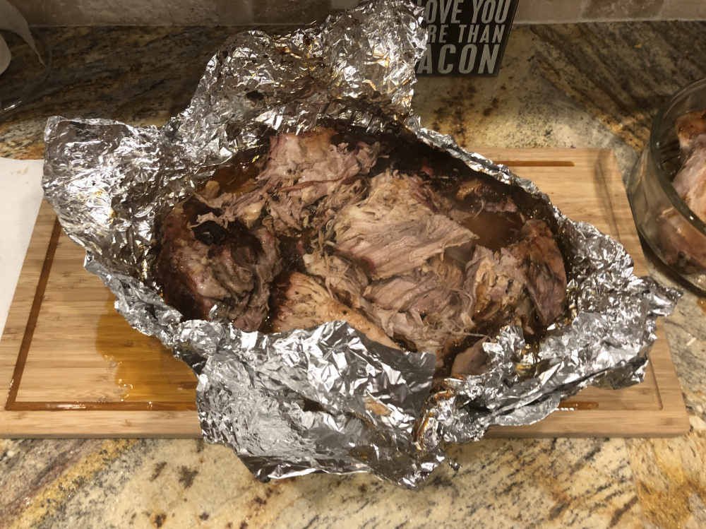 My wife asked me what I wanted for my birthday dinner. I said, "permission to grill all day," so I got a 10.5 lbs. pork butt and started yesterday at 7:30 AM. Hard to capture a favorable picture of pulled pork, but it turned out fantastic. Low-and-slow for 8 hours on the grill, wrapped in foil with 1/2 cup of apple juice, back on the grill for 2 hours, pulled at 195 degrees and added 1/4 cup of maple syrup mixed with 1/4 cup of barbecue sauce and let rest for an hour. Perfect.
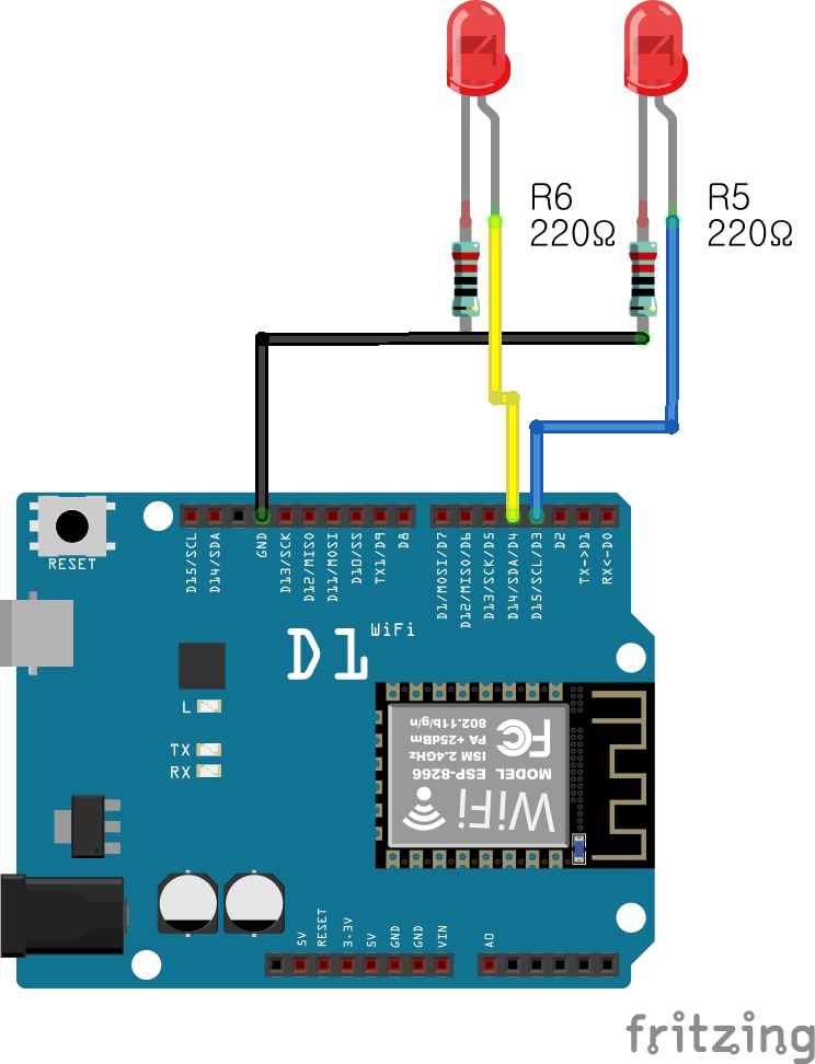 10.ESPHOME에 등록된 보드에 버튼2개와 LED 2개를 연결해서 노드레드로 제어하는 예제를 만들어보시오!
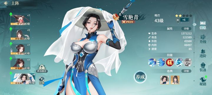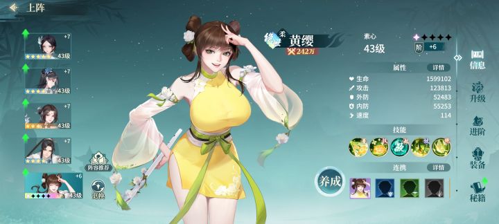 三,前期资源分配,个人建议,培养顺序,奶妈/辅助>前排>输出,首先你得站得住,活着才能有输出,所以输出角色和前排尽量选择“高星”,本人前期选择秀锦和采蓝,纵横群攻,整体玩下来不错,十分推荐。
· · · · · · ·
- _Exercise aim_: Beginning with the line that contains "10.ESPHOME에 등록된 보드에", output each line of the material above through the last one exactly as it stands. Do not include the pictures.

- _Answer box_:
 10.ESPHOME에 등록된 보드에 버튼2개와 LED 2개를 연결해서 노드레드로 제어하는 예제를 만들어보시오!
 三,前期资源分配,个人建议,培养顺序,奶妈/辅助>前排>输出,首先你得站得住,活着才能有输出,所以输出角色和前排尽量选择“高星”,本人前期选择秀锦和采蓝,纵横群攻,整体玩下来不错,十分推荐。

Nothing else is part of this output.